Haha! Ya gotta enter the contest on the magazine website. That's a good choice.

My idea was
Twilight zone chalice.


----------



## FragCave (Dec 15, 2011)

Crayon said:


> Name this chalice contest. Coral magazine is offering this chalice to someone who comes up with a name,
> I don't care what you call it, this is super sexy!

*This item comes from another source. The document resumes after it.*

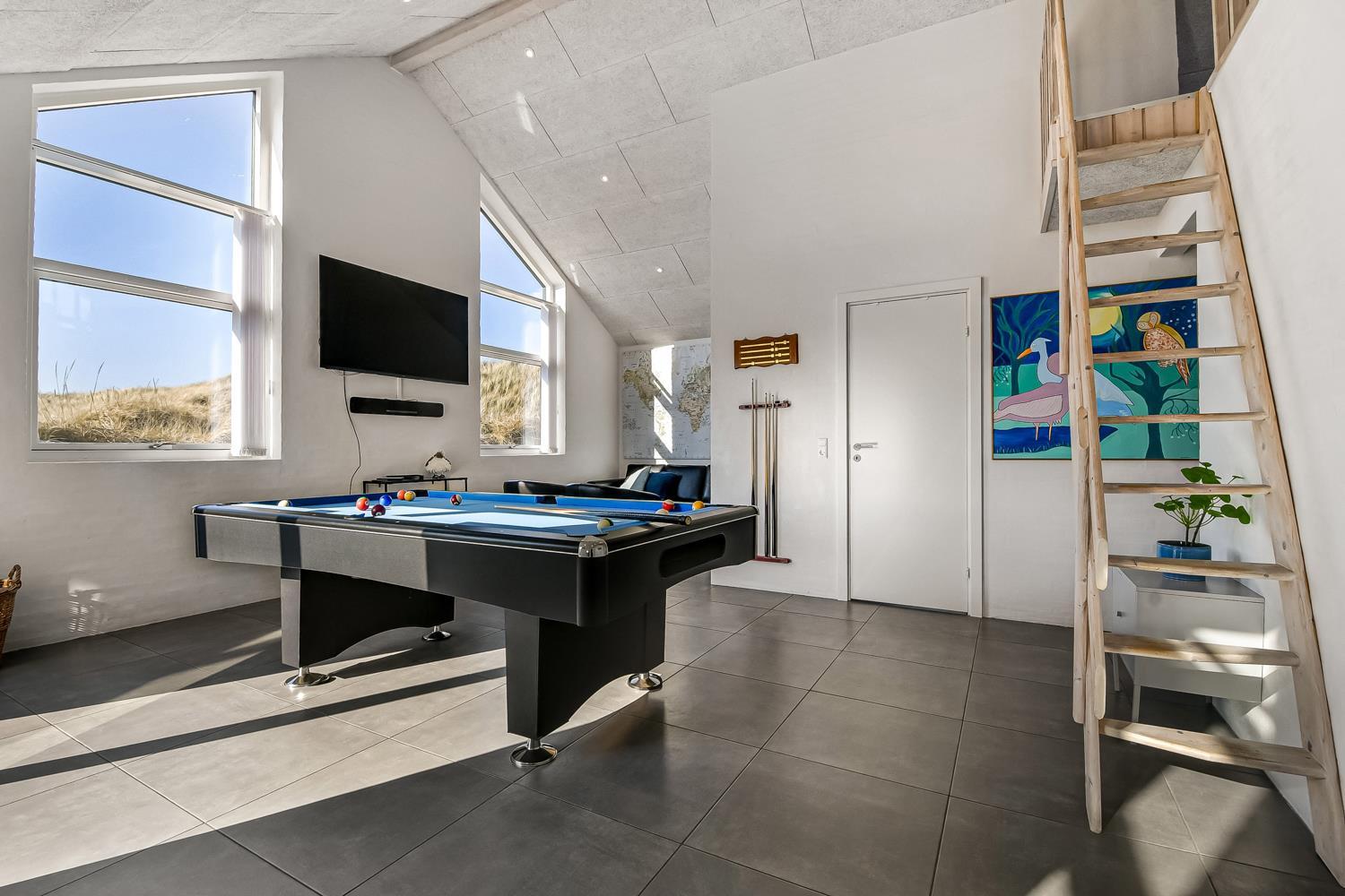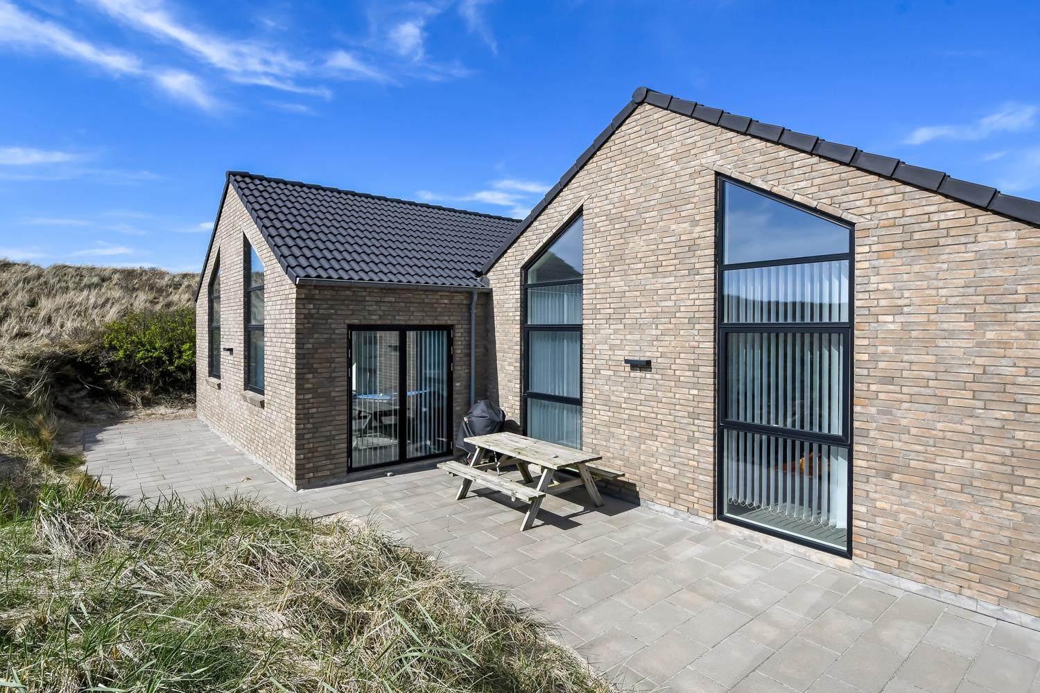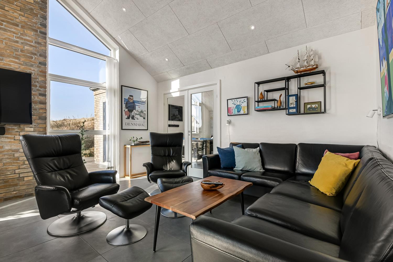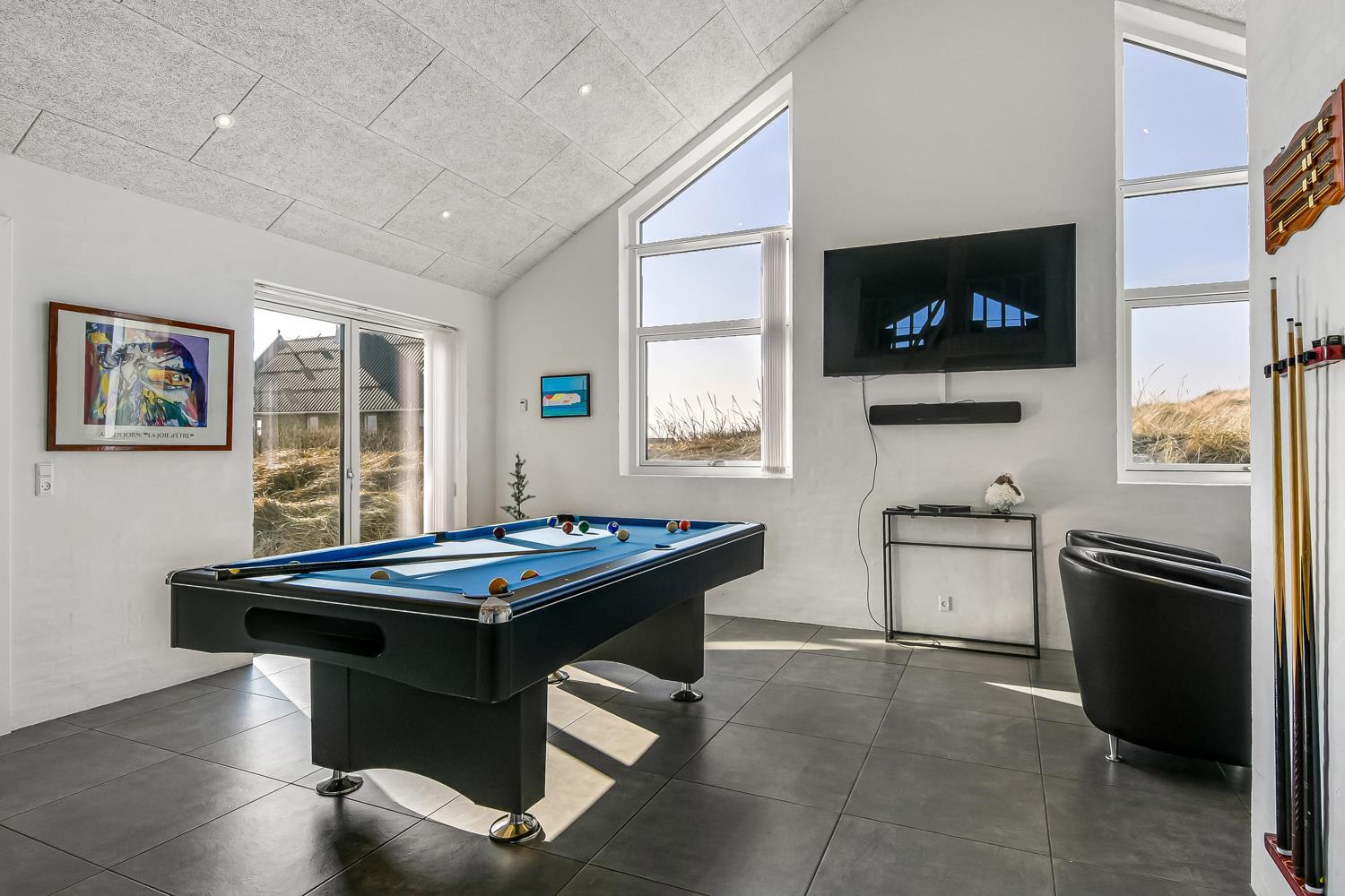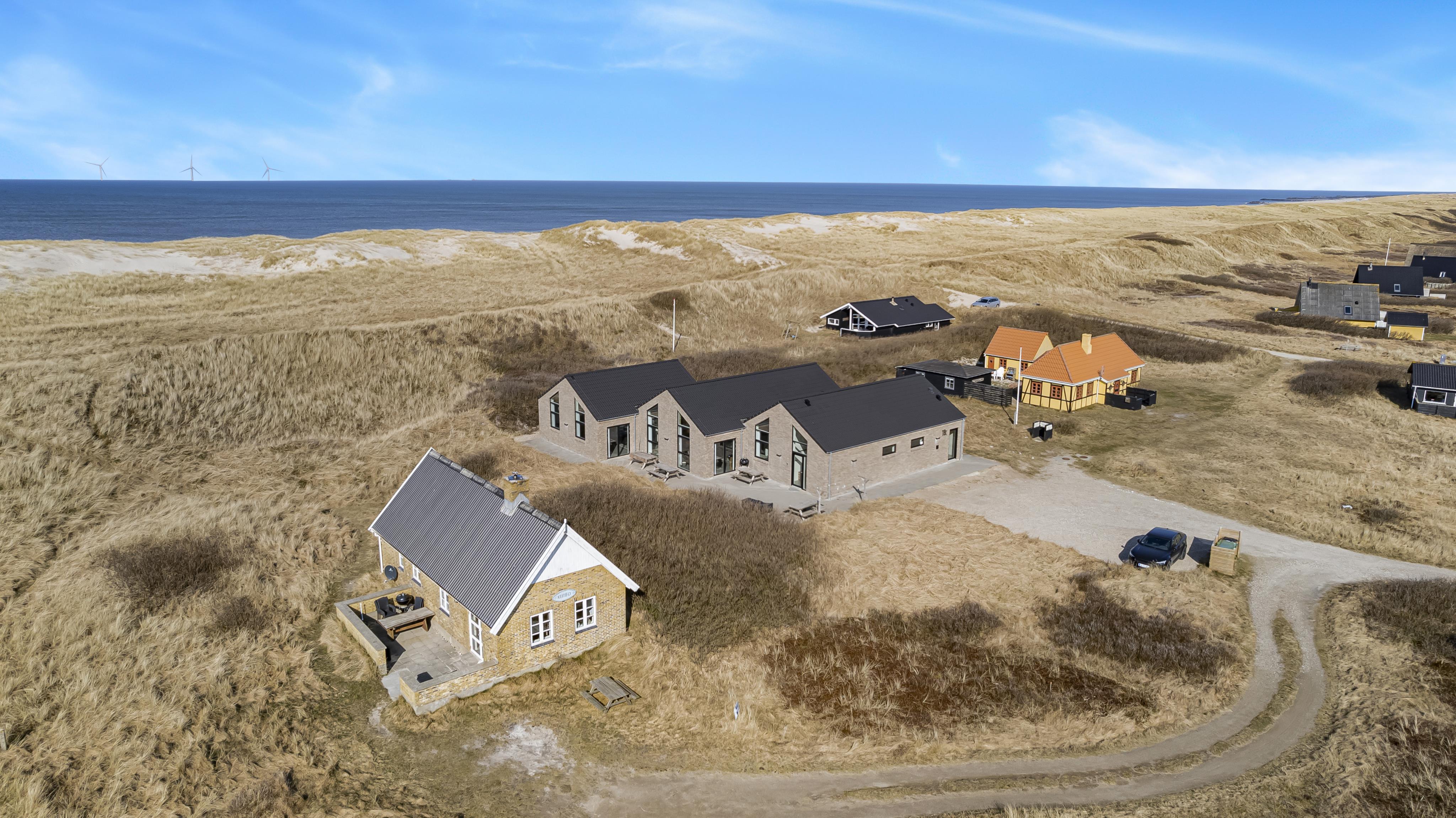 Schon auf dem Weg zu diesem herrlichen Ferienhaus spüren Sie die fantastische Lage des Hauses in der Nähe der großen Dünen an der Nordsee. Das Haus ist 241 m² groß und hat 6 gute Schlafräume: 1DB + 1DB + 1DB + 1DB + 2B + 2B. Außerdem gibt es 8 Schlafplätze, die auf 2 offenen Schlafböden verteilt sind. Im Zentrum des Hauses finden Sie die große, sehr gut ausgestattete Küche mit allem an Geschirr und Kochgeschirr. Küchenecke mit Cerankochfeld, eingebautem Ofen, Abzugshaube, Geschirrspüler, Mikrowelle, großem Kühlschrank und separater Gefriertruhe. Genießen Sie das Essen an dem großen Esstisch, schauen Sie aus den Fenstern und genießen Sie den Blick auf die hohen Dünen direkt an der Nordsee oder relaxen Sie einfach in den weichen Qualitätsmöbeln. Sie können auf dem TV dänische und deutsche Programme sehen oder Sie können Ihre Lieblingsserie streamen auf einem der Fernseher im Haus. Es gibt in allen Aufenthaltsräumen Fliesen mit Fußbodenheizung; das Haus ist sehr reinigungsfreundlich. Die große Wellness-/Poolabteilung des Hauses hat außer dem Pool einen Whirlpool und ein Badezimmer und eine separte Toilette. Ein eingebauter Projektor macht, dass Sie TV auf der grossen weissen Wand sehen können, während dass Sie im Pool oder im Whirlpool sind. Eine schöne Sauna gibt es mit Eingang von Aussen. Im Aktivitätsraum befinden sich ein kombinierter Tischtennis- und Pooltisch, neue Ledermöbel und noch ein Smart-TV, genau wie der andere und auch mit den gleichen Möglichkeiten. 2 Badezimmer: Toilette, Dusche, Waschbecken und Fußbodenheizung. Ausserdem gibt es eine exta Toilette mit Waschbecken und separtem Baderaum bei der Poolabteilung. Ein grosser Flur heisst Sie willkommen und hier gibt es eine Waschmaschine, einen Trockner und einen separaten Gefrierschrank. Für die Kleinsten gibt es ein Kinderbett und Kinderstuhl. Eine neue Luft-Wasser-Anlage macht das Haus extrem energieeffizient und führt auch zu einem günstigeren Stromverbrauch. Max. 2 Haustiere sind erlaubt. Das Haus wird nicht an Jugendgruppen vermietet. Kaution Wintersaison EUR 800 und Sommersaison EUR 500. Wenn Sie ein Elektroauto oder einen Plug-in-Hybrid haben, verfügt das Haus über eine Ladebox.

Well that can be tricky that chalice already has a name, if Im not wrong thats a Convict chalice......


----------



## zoapaly (Jul 10, 2013)

It looking hottttttt


----------



## Flexin5 (Nov 12, 2011)

david hasselhoff chalice

chuck norris's poop chalice

thedressisblueandwhite chalice


----------



## mmatt (Feb 12, 2012)

A link maybe??


----------



## fesso clown (Nov 15, 2011)

Adobe chalice.


----------



## twobytwo (Oct 25, 2014)

I think you just post here:

http://www.reef2rainforest.com/namethechalice/

though I read the rules; outside the lower 48 states you can only win a subscription to the magazine. Will still enter anyway...

Austin Powers Chalice


----------



## CoralConnoisseur (Mar 5, 2014)

The Cheshire Cat


----------



## Crayon (Apr 13, 2014)

twobytwo said:


> I think you just post here:
> 
> http://www.reef2rainforest.com/namethechalice/
> 
> ...


Correct link, and yes,it does say lower 48 states, but if you win, I'm sure there is a work around.

And the Austin Powers name! Yeah baby! John suggested that, too!

Ok guys, post your names on the link! I want to see this baby!


----------



## Crayon (Apr 13, 2014)

FragCave said:


> Well that can be tricky that chalice already has a name, if Im not wrong thats a Convict chalice......


It sure looks like a convict chalice, but maybe something is just slightly different? Surely they would have known before they started the contest.......


----------



## MPreston (Nov 11, 2013)

Jimi Hendrix Saturday night.
Lol


----------



## MPreston (Nov 11, 2013)

Insert guitar solo here lol


----------



## Farquhars Reef (Dec 5, 2014)

"Austin Powers" is exactly what i thought when i had to name it. And then i scroll down and see that twobytwo and john had the same idea. very weird how we all thought the same thing. 

Sooo i guess my second guess would be "That 70's Coral"


----------



## nc208082 (Jun 27, 2013)

FragCave said:


> Well that can be tricky that chalice already has a name, if Im not wrong thats a Convict chalice......


Alex is spot on with this one, I don't see why people are trying to rename a chalice that already has a name.
source: http://www.reefcentral.com/forums/showthread.php?t=2113509


----------



## TBemba (Jan 11, 2010)

Green zebra eating spaghetti


----------



## RKLion (Jul 2, 2014)

Alex is right that's a convict chalice.


----------



## Marz (Mar 1, 2014)

Nice! Once I get me head around this hobby, I will certainly strive to keep these very beautiful corals!


----------